The brands that formed our brand-consumer interaction study were self-selected
by respondents and ranged in type from retailers (e.g., J. Crew), online services (e.g.,
Living Social), media brands (e.g., MTV), luxury (e.g., LMV), FMCG brands (e.g.,
Mountain Dew), sports and lifestyle brands (e.g., Nike), and restaurants (e.g., Pinkberry).
For each day of the diary period, respondents indicated their primary form of brandcustomer interaction for that day (Facebook, Twitter, or email) and described their
experience with each of their daily brand interactions in an open-ended response. Overall,
the diary dataset consisted of 406 total brand interactions from the 58 respondents over
the seven-day period.
We analyzed the 406 open-ended comments for specific themes related to social
media usage and the nature of the daily brand-customer interactions. The initial coding
process resulted in ten unique categories that summarized respondents daily online
interactions with their respective brands on Facebook, Twitter, and email. The ten
categories are: fresh and timely information (26.4%), fun and entertaining content (22%),
product information (18%), incentives and promotions (17%), the extent of two-way
interaction (16.8%), customer service (9.6%), branded content (8.1%), purchase-related
interactions (4.2%), feelings of exclusivity engendered by social media (2.7%), and
privacy and trust (0.7%).
After converting the open-ended responses to binary variables, we conducted a
cluster analysis and identified three clusters of brand-consumer interaction styles: (1) the
Product & Incentive interactions, (2) the Keeping Current interactions, and (3) the

Branded Entertainment interactions. The profiles of the three interaction clusters show
that the Product & Incentive cluster (16.7% of the sample) is more likely to be female,
use email and have social media interactions that involve product information, incentives,
exclusivity and purchase behavior. The Keeping Current cluster (53.6%) is balanced
across the use of all three platforms: Facebook Twitter, and email. Engagement within
this cluster was primarily related to interests in timely information as well as interactions
related to customer service. The third cluster, Branded Entertainment (29.8%), was based
on entertainment-based interactions related to the brand.
Implications
Our findings extend previous research examining online engagement by illustrating the
specific nature of consumer engagement using social media. We found that brandconsumer social-media engagement ranges from the functional and purposive (e.g.,
seeking sales and incentives; hunting for news and information associated with specific
brands and related to current events) to the hedonic and random (e.g., coming across and
sharing funny and entertaining brand-related content on Facebook). Building on current
practice, our findings provide important insights to managers seeking to better understand
brand-consumer social media engagement.
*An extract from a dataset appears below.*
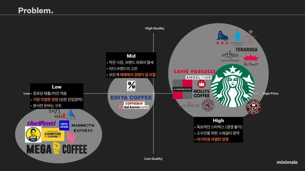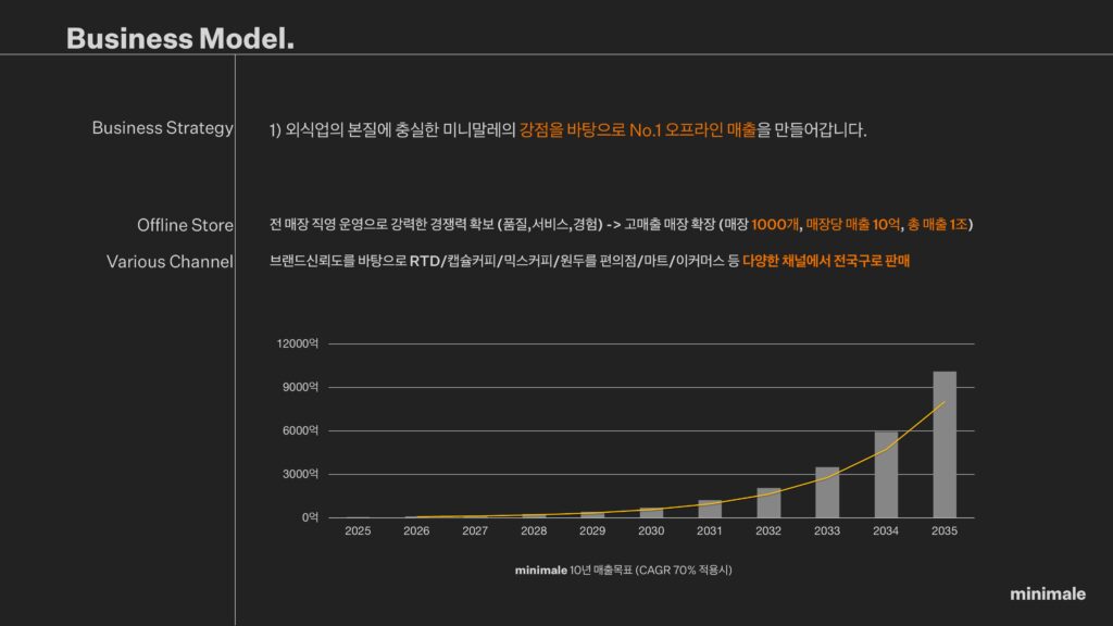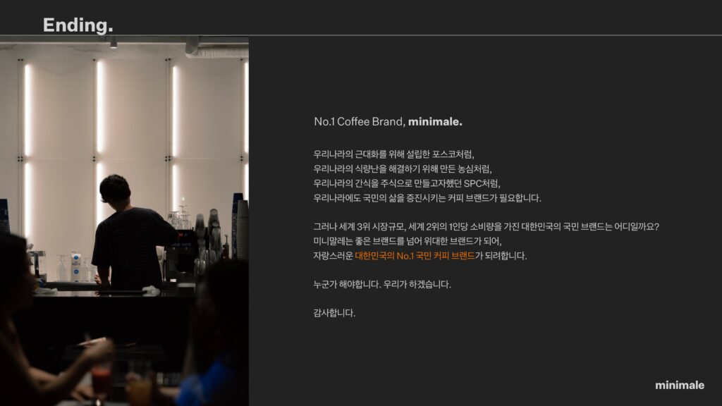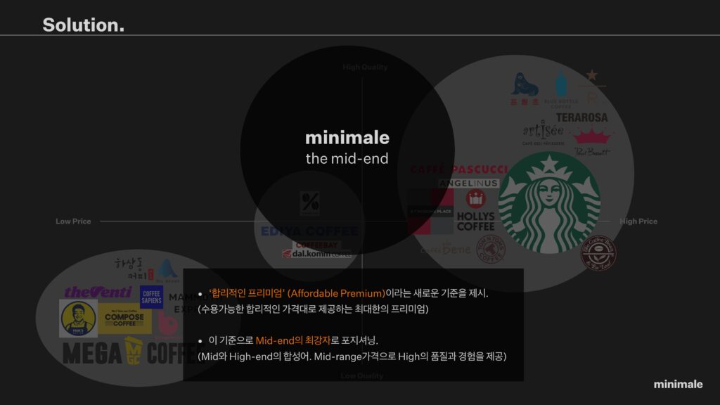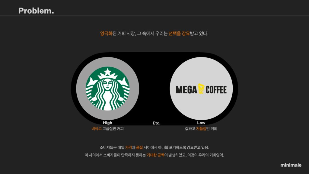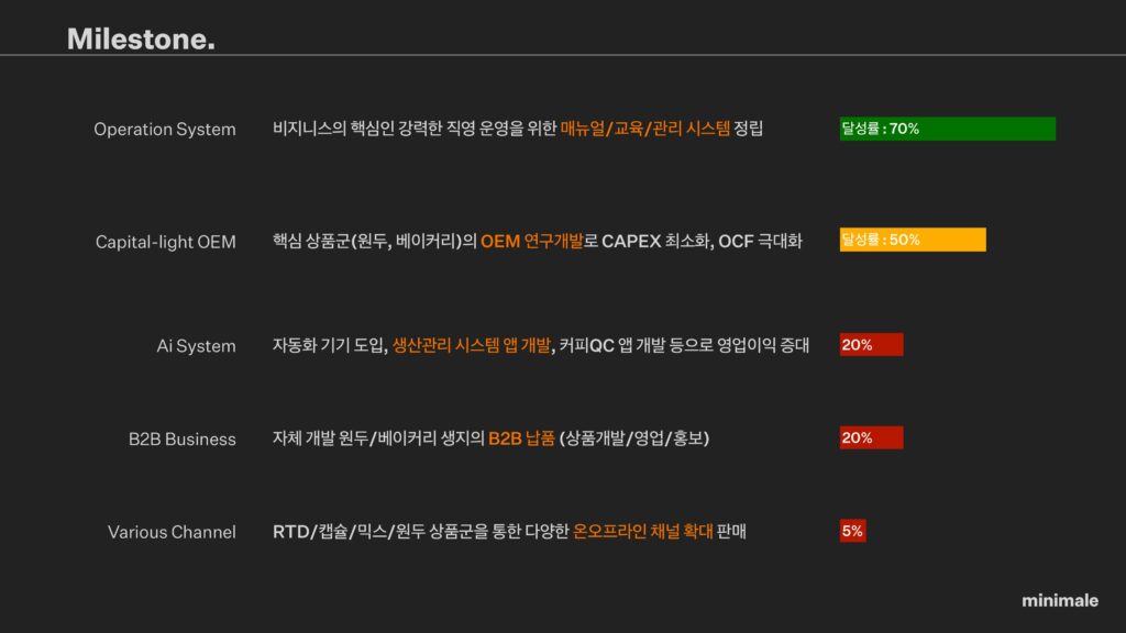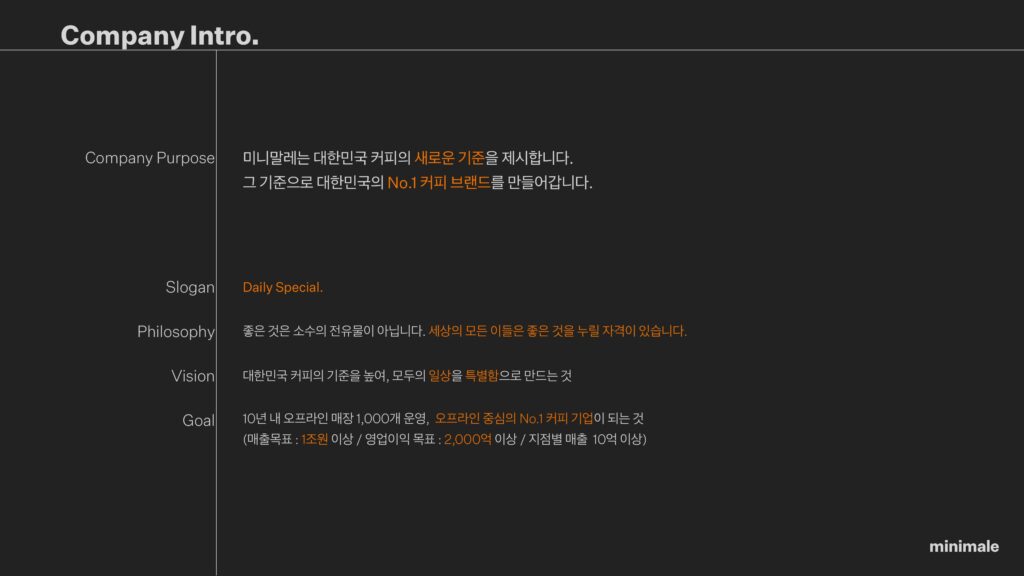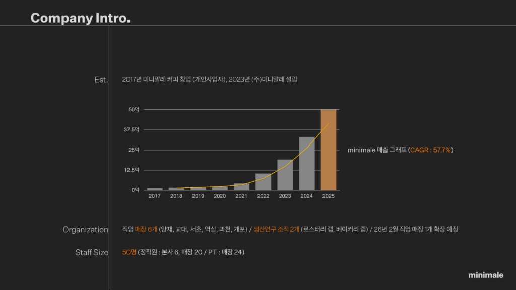 (주)미니말레는 ‘매일의 일상을 특별하게’라는 슬로건 아래, 스페셜티 커피와 수제 베이커리를 결합한 ‘합리적인 프리미엄(Affordable Premium)’ 커피관련 서비스를 제공합니다. F&B의 본질인 고품질의 맛, 하이엔드 디자인, 합리적 가격을 동시에 구현하며 기존 커피 시장속 블루오션인 미드존을 공략합니다.

It is important that brands employ social
media platforms for outcomes beyond actual purchase, including communicating product
information, staying on top of and addressing customer service issues, engaging
consumers with fun and entertaining content relevant to their brand(s), providing timely
and relevant information regarding discounts, sales and other events, and promoting new
product launches. Further, brands must view social media as a platform with which to
quickly react to customer service issues and customer feedback in a proactive manner.